Et le délicieux Quai d’Orsay de Bertrand Tavernier (2013), où il avait le beau rôle, sinon le premier rôle.
Niels Arestrup n’était pas une "star" et et il n’a jamais voulu en être une, on ne concevait pas un film à partir de lui, il n’était pas "bankable", comme on dit. Il n’était pas du tout ignoré, mais son importance dans le cinéma français était spéciale, hybride, ambiguë, il était un acteur de poids, parfois, on ne retenait que lui et son personnage, mais il n’était pas une vedette, pas un premier rôle. C’est un peu comme si sa mort l’avait promu dans les chaumières.
Longtemps, à chaque nouveau rôle, au cinéma comme au théâtre, et aussi à la télévision, on pouvait se dire qu’il était une découverte à soi.

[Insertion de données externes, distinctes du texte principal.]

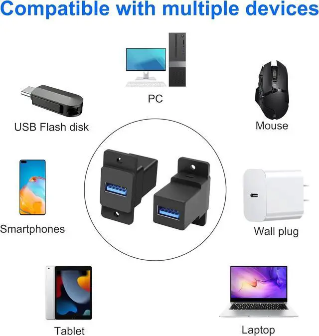 Supports data transfer and chargingThis USB A female to female Rectangular socket has a maximum transfer speed of up to 5Gbps and is backward compatible with USB 2.0. It enables high-speed data transfer without delay, allowing you to quickly transfer files and data in seconds, and can also be used to charge devices with USB-A ports.

C’est ainsi qu’on a pu flasher sur lui, dès ses débuts. Par exemple, il fut un inoubliable Lopakhine, dans La Cerisaie de Anton Tchekhov, sous la direction de Peter Brook, au début des années 1980, riche marchand parvenu, et toujours moujik. Rétrospectivement, maintenant qu’on en sait plus sur ses origines familiales, on comprend où l’acteur avait pu puiser en lui tant de sincérité et de puissance.
Ses origines ne sont pas anecdotiques. Son père était danois, en 1943, il avait fui son pays envahi par les Allemands, il pensait s’embarquer pour les USA, mais il avait rencontré une Française. Ils s’installèrent en banlieue parisienne et, après la naissance de leur fils unique, devinrent une famille ouvrière comme les autres. Niels Arestrup, lui, mauvais élève, fit quelques belles rencontres, dont Samy Pavel (né en 1944) et Tania Balachova (1902-1973), et commença, à 24 ans, en 1973, une longue carrière de 91 films. Pendant 50 ans, il n’aura jamais cessé de tourner, et n’aura eu aucune éclipse, avec des apogées, et, la plupart du temps, des films solides.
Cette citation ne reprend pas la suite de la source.